# EXERCISE INPUTS:
┏━━

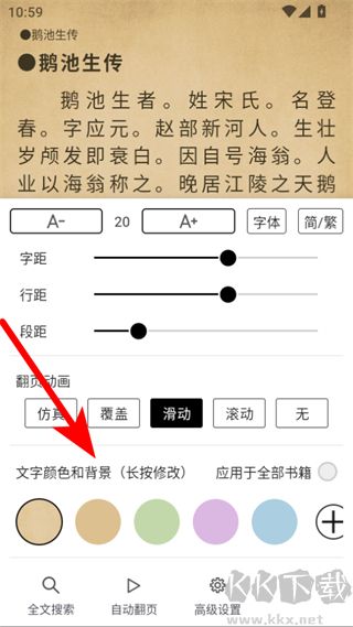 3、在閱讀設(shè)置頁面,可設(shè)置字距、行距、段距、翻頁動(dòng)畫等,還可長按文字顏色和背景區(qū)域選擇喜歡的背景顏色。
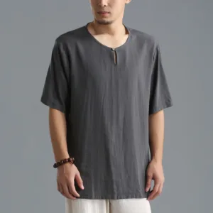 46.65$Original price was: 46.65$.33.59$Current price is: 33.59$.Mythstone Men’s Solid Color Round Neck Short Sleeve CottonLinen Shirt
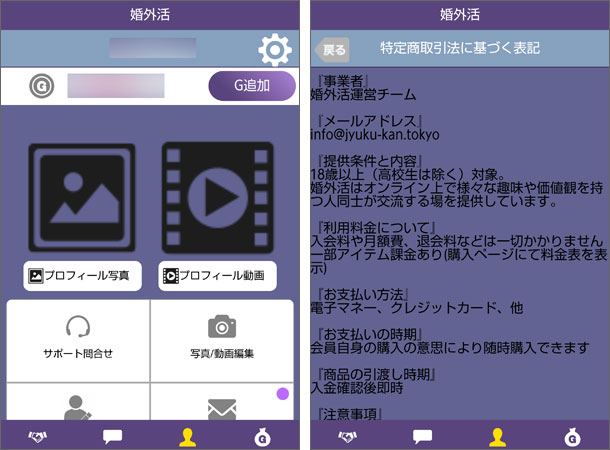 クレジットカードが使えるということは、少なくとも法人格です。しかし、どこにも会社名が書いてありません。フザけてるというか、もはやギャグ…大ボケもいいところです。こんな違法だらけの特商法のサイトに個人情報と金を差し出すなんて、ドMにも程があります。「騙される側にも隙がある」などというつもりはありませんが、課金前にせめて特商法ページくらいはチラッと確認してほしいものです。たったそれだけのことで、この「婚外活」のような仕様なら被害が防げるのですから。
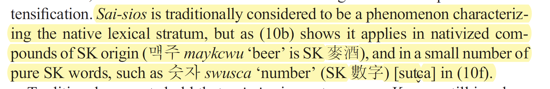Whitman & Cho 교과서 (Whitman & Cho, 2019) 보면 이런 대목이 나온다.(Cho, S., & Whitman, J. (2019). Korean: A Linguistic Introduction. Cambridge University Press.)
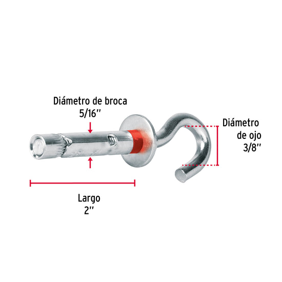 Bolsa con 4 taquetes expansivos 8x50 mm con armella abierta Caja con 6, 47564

┗━━

# YOUR GOAL:
Give back exactly the lines from the opening of the listing through the line holding "Whitman & Cho 교과서", both ends included, with every picture omitted.

# WRITTEN RESPONSE:
 3、在閱讀設(shè)置頁面,可設(shè)置字距、行距、段距、翻頁動(dòng)畫等,還可長按文字顏色和背景區(qū)域選擇喜歡的背景顏色。
 46.65$Original price was: 46.65$.33.59$Current price is: 33.59$.Mythstone Men’s Solid Color Round Neck Short Sleeve CottonLinen Shirt
 クレジットカードが使えるということは、少なくとも法人格です。しかし、どこにも会社名が書いてありません。フザけてるというか、もはやギャグ…大ボケもいいところです。こんな違法だらけの特商法のサイトに個人情報と金を差し出すなんて、ドMにも程があります。「騙される側にも隙がある」などというつもりはありませんが、課金前にせめて特商法ページくらいはチラッと確認してほしいものです。たったそれだけのことで、この「婚外活」のような仕様なら被害が防げるのですから。
Whitman & Cho 교과서 (Whitman & Cho, 2019) 보면 이런 대목이 나온다.(Cho, S., & Whitman, J. (2019). Korean: A Linguistic Introduction. Cambridge University Press.)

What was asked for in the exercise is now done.